INSTRUCTIONS FOR THE TASK. When copying the listing below, skip every picture and repeat exactly the lines from the first one through the line that contains "Just copy your".

DATA EXTRACT.
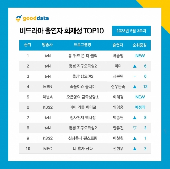 이찬원은 굿데이터코퍼레이션이 최근 발표한 2023년 5월 3주 TV 비드라마 화제성 순위에서 KBS 2TV '신상출시 편스토랑'으로 9위에 올랐다.
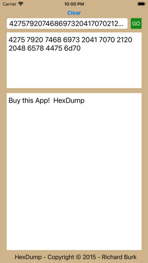 Just copy your Hex String from another place on your device and then go to the HexDump app and paste your string into the single input field and click on the "Go" button. You can also just type in a Hex String into the input field if you want.
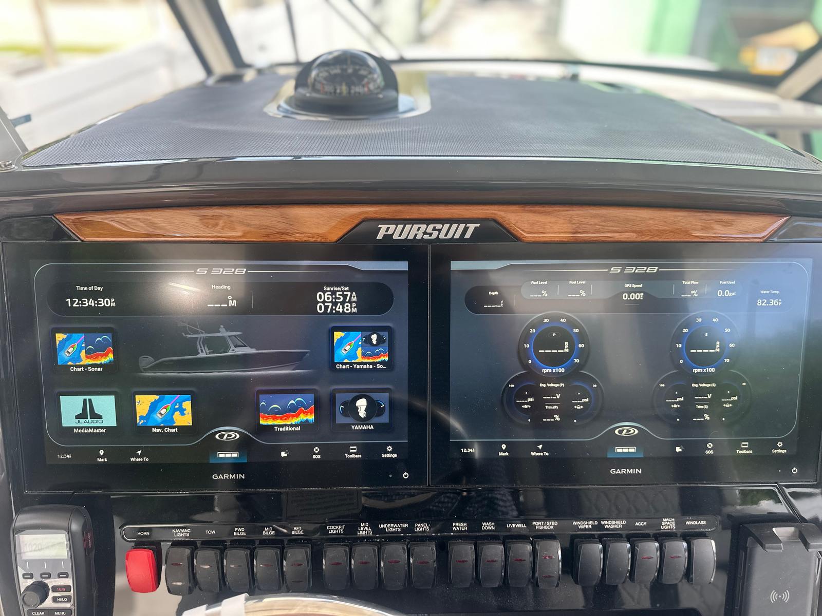 At the heart of the Pursuit S 328 are twin Yamaha Pearlescent White F350 engines, delivering a combined 700 horsepower. These powerful outboards are renowned for their reliability, smooth operation, and impressive fuel efficiency, making them ideal for both high-speed cruising and leisurely outings. The advanced Helm Master Full Maneuverability system provides precise control and effortless docking, allowing you to navigate tight spaces and challenging conditions with confidence. Whether you are chasing the horizon or exploring hidden coves, the S 328’s performance capabilities ensure a thrilling and responsive ride every time you hit the water.

RESPONSE BELOW.
 이찬원은 굿데이터코퍼레이션이 최근 발표한 2023년 5월 3주 TV 비드라마 화제성 순위에서 KBS 2TV '신상출시 편스토랑'으로 9위에 올랐다.
 Just copy your Hex String from another place on your device and then go to the HexDump app and paste your string into the single input field and click on the "Go" button. You can also just type in a Hex String into the input field if you want.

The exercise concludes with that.